Department of Physics, Campus Las Lagunillas, University of Jaén, 23071 Jaén, Spain.
J Colloid Interface Sci. 2010 Apr 1;344(1):144-9. doi: 10.1016/j.jcis.2009.11.061. Epub 2009 Dec 3.
The synthesis of nanoparticles consisting of a magnetite core coated with one or more layers of amino acid (L-arginine, L-lysine, glycine, and L-glutamine) is described in this paper. For all the amino acids it is found that adsorption increases with concentration in solution in the range 0.5-10 mg/mL. The adsorption, however, differs substantially from one amino acid to another, depending on the length of the hydrocarbon chain and the polarity and charge of the side group. Thus, for given concentration and pH, adsorption is found to increase in the order L-arginine < L-lysine < L-glutamine < glycine. This order corresponds roughly to amino acids with decreasing chain length; in addition, the presence of the less polarizable guanidine group in the arginine molecule may explain why this amino acid is slightly less adsorbed than lysine. The pH dependence of the adsorption of each amino acid is reasonably explained considering the surface charge of magnetite and the charge of the amino acid molecules for different pHs, indicating a significant role of electrostatics in adsorption. This is further checked by means of determinations of the electrophoretic mobility of amino acid-coated magnetite as a function of pH: the results indicate a shift of the isoelectric point of the raw magnetite toward more basic pHs, an indication of adsorption of positive species, as confirmed by the tendency of the mobility of amino acid-coated magnetite toward more positive values below neutral pH. The electrophoretic mobility of coated particles was also measured as a function of the concentration of amino acid, and it was found that for low concentrations the four amino acids provoke charge inversion and overcharging of the magnetite surface at pH 6. Finally, the dependence of the electrophoretic mobility on the ionic strength indicated that from an electrophoretic point of view, the functionalized magnetite-amino acid particles do not behave as soft particles, and that the amino acid coating should be very compact.

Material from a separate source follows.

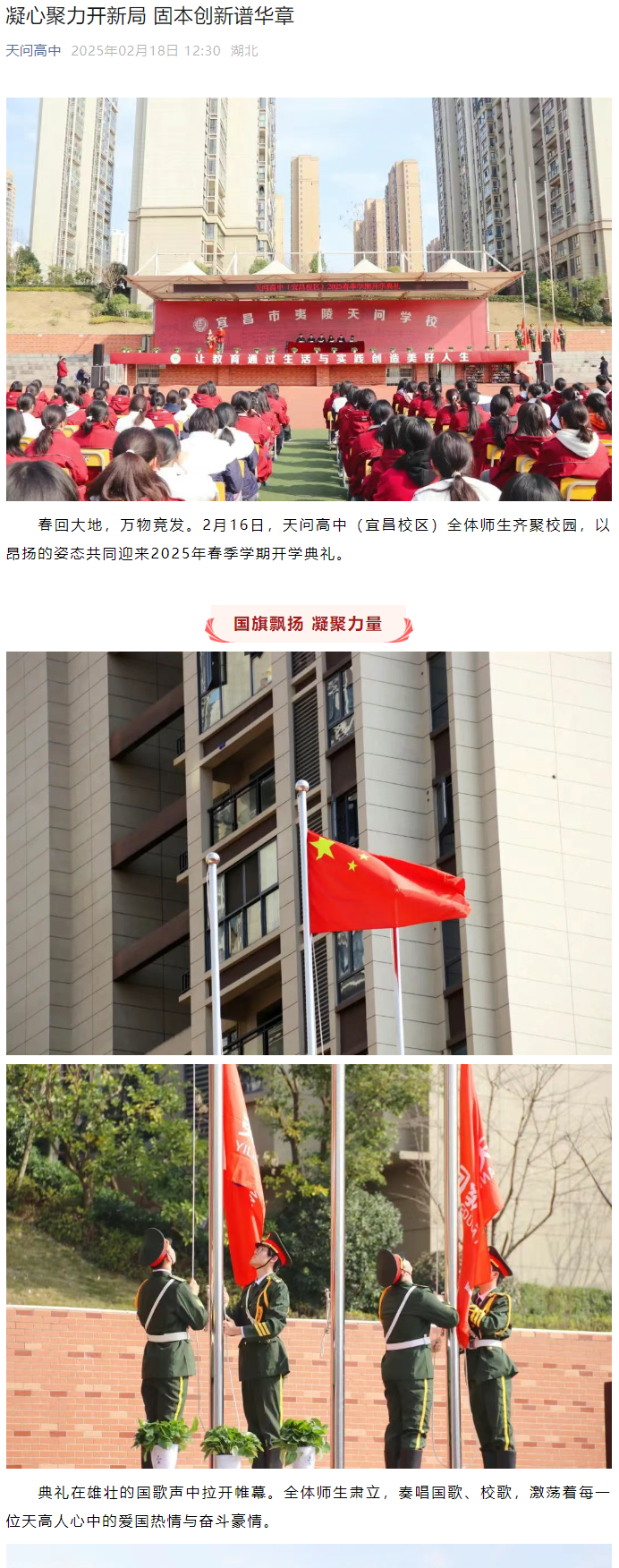 春回大地,万物竞发。2月16日,天问高中(宜昌校区)全体师生齐聚校园,以昂扬的姿态共同迎来2025年春季学期开学典礼。...
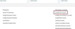 After create new account, it will go to google developer’s account. Scroll down to bottom of developer home page and click “Google API Console” link (red box of below picture.

本文描述了由磁铁矿核组成的纳米粒子的合成,这些纳米粒子表面覆盖有一层或多层氨基酸(L-精氨酸、L-赖氨酸、甘氨酸和 L-谷氨酰胺)。对于所有的氨基酸,都发现其吸附量随溶液浓度在 0.5-10mg/mL 范围内增加。然而,吸附量因氨基酸而异,这取决于烃链的长度以及侧基的极性和电荷。因此,在给定的浓度和 pH 值下,吸附量按 L-精氨酸<L-赖氨酸<L-谷氨酰胺<甘氨酸的顺序增加。这个顺序大致对应于氨基酸链长逐渐变短;此外,精氨酸分子中胍基的极化率较低,这可能解释了为什么这种氨基酸的吸附量略低于赖氨酸。考虑到磁铁矿的表面电荷和不同 pH 值下氨基酸分子的电荷,可以合理地解释每种氨基酸吸附的 pH 依赖性,这表明静电在吸附中起着重要作用。通过测定作为 pH 函数的氨基酸包覆磁铁矿的电泳迁移率来进一步检查这一点:结果表明原始磁铁矿的等电点向更碱性 pH 值移动,这表明吸附了带正电的物质,这一点被氨基酸包覆磁铁矿的迁移率在中性 pH 以下向更正值移动的趋势所证实。还测量了包覆颗粒的电泳迁移率作为氨基酸浓度的函数,发现对于低浓度,四种氨基酸在 pH6 下会引起磁铁矿表面的电荷反转和过充电。最后,电泳迁移率对离子强度的依赖性表明,从电泳的角度来看,功能化的磁铁矿-氨基酸颗粒的行为不像软颗粒,并且氨基酸涂层应该非常紧密。